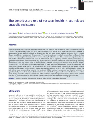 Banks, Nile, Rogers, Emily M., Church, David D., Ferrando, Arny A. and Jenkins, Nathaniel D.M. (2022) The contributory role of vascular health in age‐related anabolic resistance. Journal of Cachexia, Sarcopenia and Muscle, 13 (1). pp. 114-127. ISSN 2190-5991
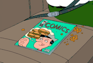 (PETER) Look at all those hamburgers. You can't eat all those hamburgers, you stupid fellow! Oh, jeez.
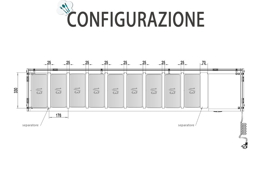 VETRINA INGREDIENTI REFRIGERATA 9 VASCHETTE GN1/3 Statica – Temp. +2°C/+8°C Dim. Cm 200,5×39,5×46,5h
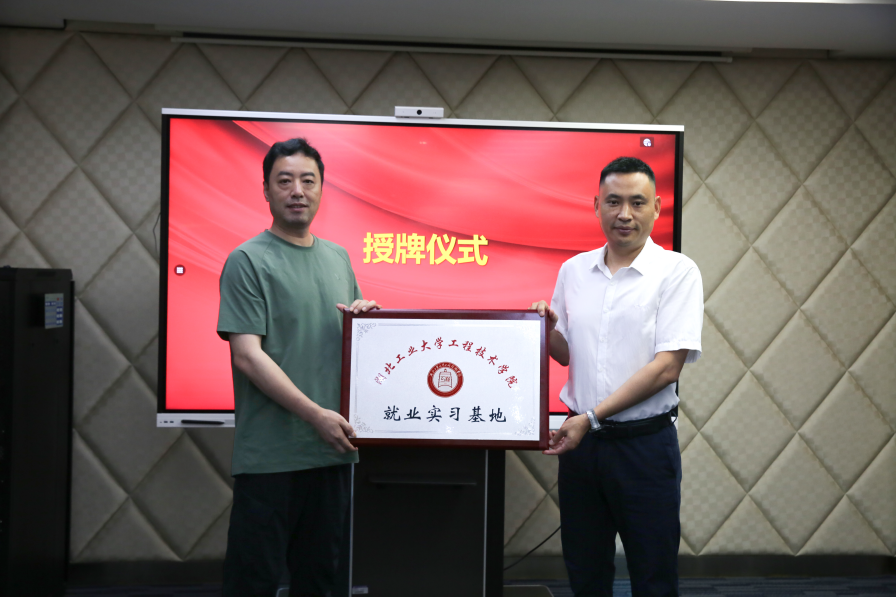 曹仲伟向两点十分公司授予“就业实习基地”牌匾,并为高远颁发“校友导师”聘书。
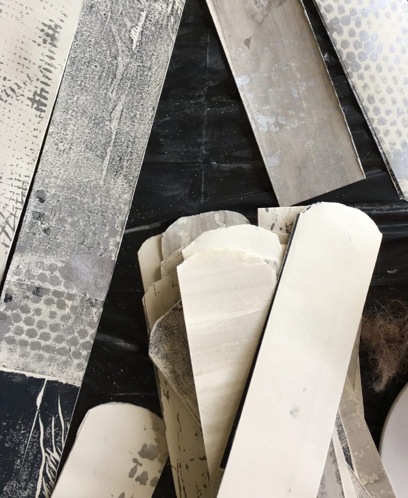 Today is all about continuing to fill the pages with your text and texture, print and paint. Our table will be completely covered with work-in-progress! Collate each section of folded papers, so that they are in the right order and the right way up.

-=-=-=-=-

Starting at the first line of the data, set down each line exactly until you have copied the line with "(PETER) Look at", but leave the pictures out.

 Banks, Nile, Rogers, Emily M., Church, David D., Ferrando, Arny A. and Jenkins, Nathaniel D.M. (2022) The contributory role of vascular health in age‐related anabolic resistance. Journal of Cachexia, Sarcopenia and Muscle, 13 (1). pp. 114-127. ISSN 2190-5991
 (PETER) Look at all those hamburgers. You can't eat all those hamburgers, you stupid fellow! Oh, jeez.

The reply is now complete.